At the very least, this feels like the perfect place to stop and hold Briggs if that’s what needs to happen.
At least he’ll be comfortable in the end.
The sun is setting as I open the gate and pull Briggs through, stopping to close it behind me. I pull him down the street, looking at the rows of houses here, all of them looking nice, like people might actually live here.
“Hello?”
A door slams open and someone is suddenly here, standing in front of me. I’m not sure if I’m so delirious I didn’t see them until now or if they have supernatural speed. Either way, I’m too weak to actually do anything about it.
I fall to my knees, lowering my head.
“Please,” I say, my voice breaking. “Help my friend. I’ll do anything. I’ll pay anything. Please.”
“What’s going on?” There’s a second person. I lift my head enough to look at them. I smell the air. One of them is human and the other smells undead but not like a zombie. He’s a vampire.
“You can have my blood,” I blurt out. “You can have anything you want. Just help him.”

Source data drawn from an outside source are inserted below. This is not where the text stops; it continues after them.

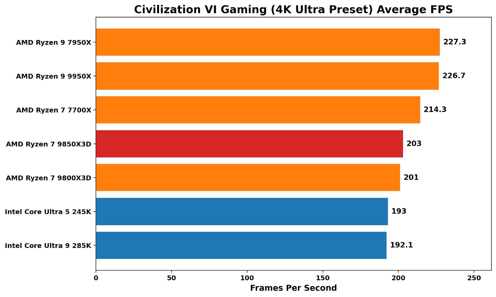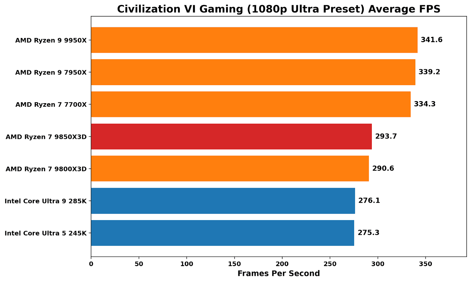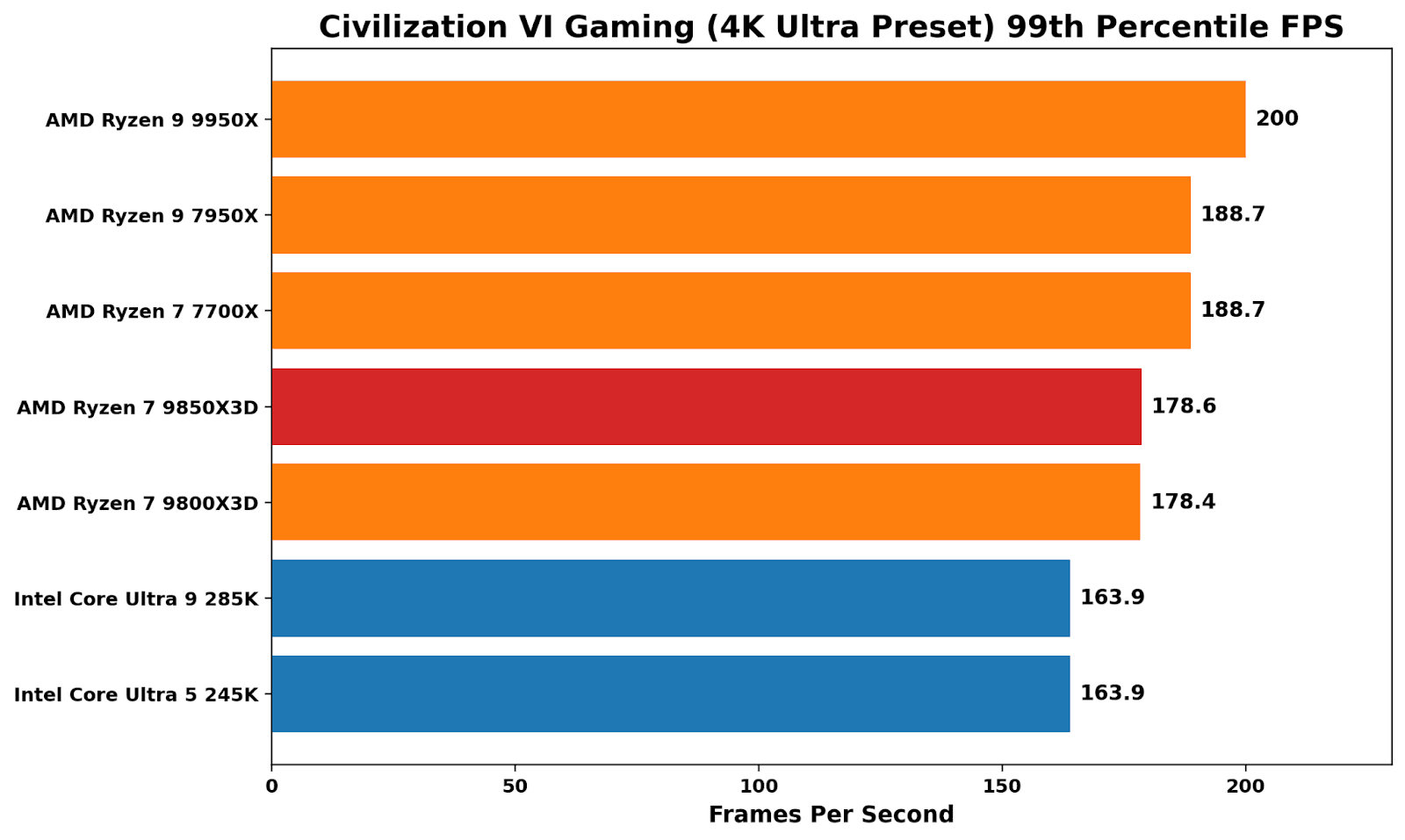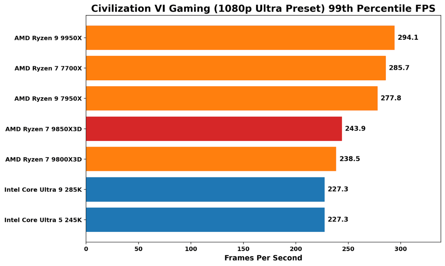 Benchmarking Civilization VI at 1080p Ultra is a good reminder that X3D isn’t an automatic win in all things gaming. The non-X3D Ryzen parts sit at the top, with a noticeable performance advantage over Intel’s Arrow Lake pairing. Comparing the two Ryzen 7 Zen 5-based X3D parts, the 9850X3D is under 1% faster than the 9800X3D. We saw better 99th-percentile performance on the X3D, with the additional frequency giving a small boost on the 9850X3D.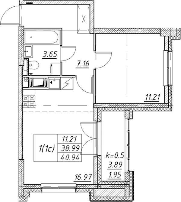 - Площадь40,94 м2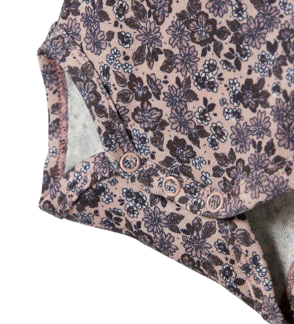 Elegant Name It body i rosa med med et delikat blomsterprint i lilla nuancer. Bodyen har lange ærmer, der giver en tæt pasform, og en rund halsudskæring med fine kantdetaljer. Den lukkes praktisk med trykknapper i bunden, hvilket sikrer nem påklædning. Name It tilbyder en stilfuld løsning til enhver garderobe.
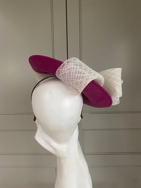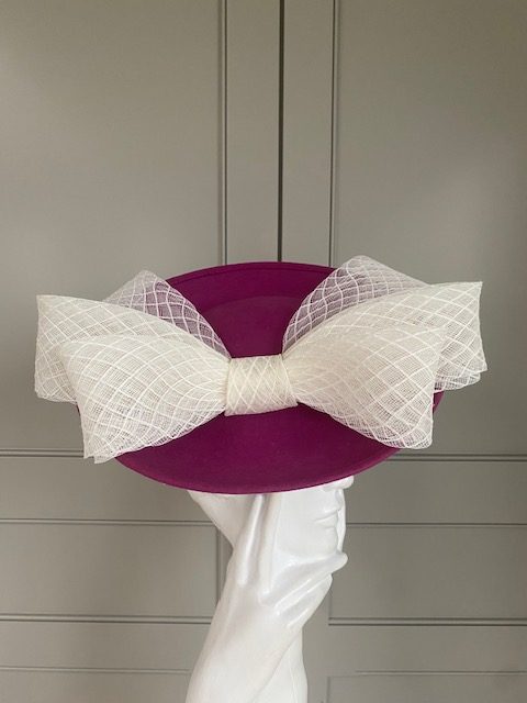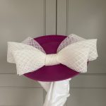A Fuchsia Pink Felt 12″ dish base, trimmed with a Shock White pure diamond crinoline bow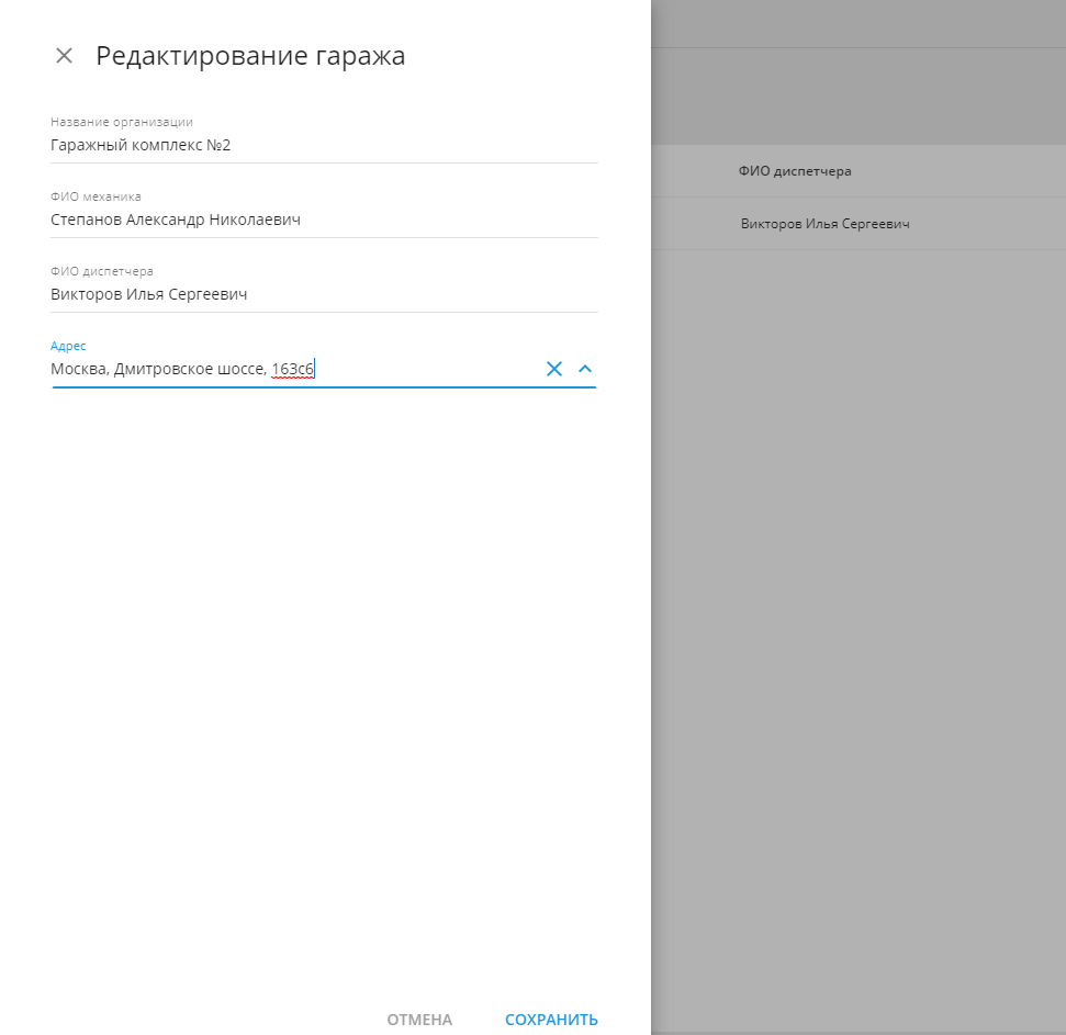 Карточка гаража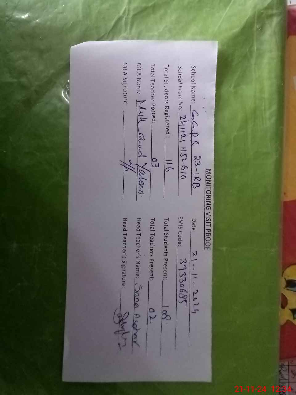| EMIS Code: 39330685 | Name of School: GGPS CHAK NO. 23/1-RB | |||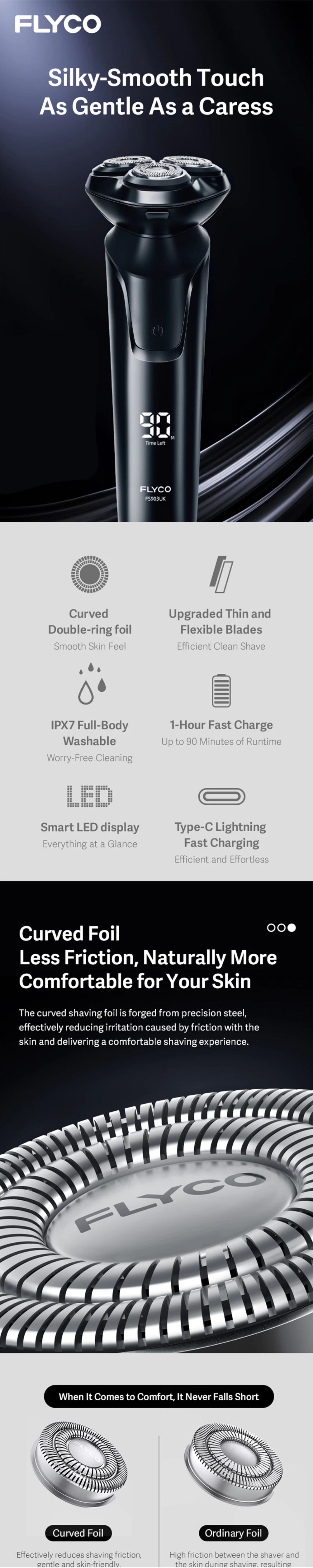 • What's in the Box 1 × Flyco FS903UK Electric Shaver (Smart Sensor Rotary),1 × USB Charging Cable,1 × Cleaning Brush,1 × Protective Cap / Blade Cover,1 × User Manual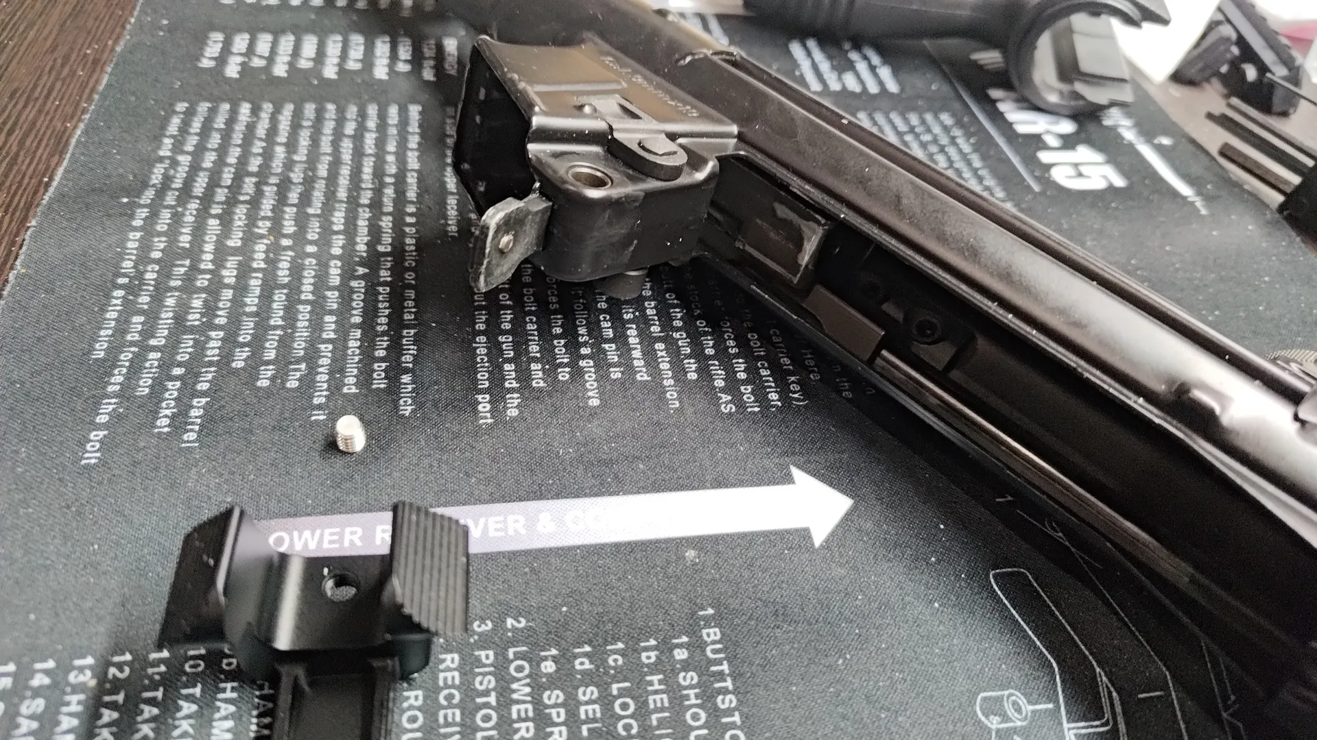 取り付けるときにはロアレシーバーが邪魔になるので外してから作業するとやりやすいです。

The vampire kneels in front of me. “I don’t want your blood. What’s wrong with your friend?”
“He’s got strep throat. Please. He needs antibiotics and fever relief.”
“We’ll help him. It’s okay.”
I close my eyes, relief so sweet it threatens to be my undoing. And maybe it really is because one moment I’m on my knees, holding onto that bright, scorching hot hope, and the next, my eyes are closing and I’m hitting the ground, exhaustion finally getting the better of me.